Shortcuts: ArgumentMatcher.tolerant() gives the default EXACT matcher, and ArgumentMatcher.of(mode) gives a tolerant matcher in another mode. For anything custom, pass a lambda: (expected, actual) -> ....

Data Model

Three records in dev.dokimos.core.agents hold agent execution data.

ToolCall

A single tool invocation: name, arguments, optional result, and metadata.

// Quick
ToolCall call = ToolCall.of("search_flights", Map.of("origin", "NYC", "destination", "LAX"));

// Full builder
ToolCall call = ToolCall.builder()
.name("book_hotel")
.argument("city", "Paris")
.argument("nights", 3)
.result("{\"confirmation\": \"ABC123\"}")
.build();

The result is a single string. result(String) stores whatever you pass, exactly as is. Use it when your tool already produced a string. When the tool produced a structured value (a record, POJO, map, or list), use resultJson(Object) instead. It serializes the value to a compact, single-line JSON string and stores it in the same result component, so you stop hand-escaping JSON. A null value serializes to the JSON literal null.

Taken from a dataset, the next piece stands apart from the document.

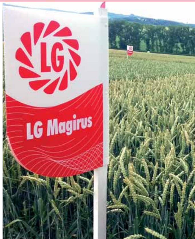
LG Magirus se vyznačuje velmi vysokou HTZ

Zdroj: Beschreibende Sortenliste 2020, BSA Německo, přehled odrůd 2020; srovnání odrůd kvality E pěstovaných také v ČR; hodnocení: 9 - nejvyšší výnos, 1 - nejnižší výnos

record Confirmation(String confirmation, double total) {}

// Before: hand-escaped JSON, easy to get wrong
ToolCall.builder()
.name("book_hotel")
.result("{\"confirmation\": \"ABC123\", \"total\": 540.0}")
.build();

// After: serialize the value, no escaping
ToolCall.builder()
.name("book_hotel")
.resultJson(new Confirmation("ABC123", 540.0))
.build();

Read a structured result back, type-safe, with resultAs(Class<T>) or resultAs(OutputType<T>), the counterpart of resultJson. This is what makes a sequential agent's output -> input -> output chain assertable: capture each step's structured result, then read it back as a real object. Tool-call arguments read back the same way with argumentsAs(Class<T>) and argumentsAs(OutputType<T>). This is one stop on Dokimos's typed-data pipeline. See the Structured & Typed Data hub for how it connects to typed task outputs, structural matching, and the typed accessors on EvalTestCase.

ToolCall call = ToolCall.builder()
.name("book_hotel")
.resultJson(new Confirmation("ABC123", 540.0))
.build();

Confirmation booked = call.resultAs(Confirmation.class); // back to a typed object
List<Confirmation> many =
call.resultAs(new OutputType<List<Confirmation>>() {}); // generics via OutputType
note

Both writers set the same result field, so downstream evaluators (ToolErrorEvaluator, the hallucination judge, and anything reading ToolCall.result()) see an identical string either way. resultAs parses that string as JSON (the form resultJson produces). A null or blank result returns null, and a raw non-JSON string from result(String) is not parseable, so use result() for that.

ToolDefinition

A tool's contract: name, description, and JSON schema for arguments.

ToolDefinition tool = ToolDefinition.of("search_flights", "Search for available flights", Map.of(
"type", "object",
"properties", Map.of(
"origin", Map.of("type", "string", "description", "Origin airport code"),
"destination", Map.of("type", "string", "description", "Destination airport code")
),
"required", List.of("origin", "destination")
));

AgentTrace

Wraps a complete agent execution. Use toOutputMap() to produce the map format that evaluators expect ("output", "toolCalls", "reasoningSteps").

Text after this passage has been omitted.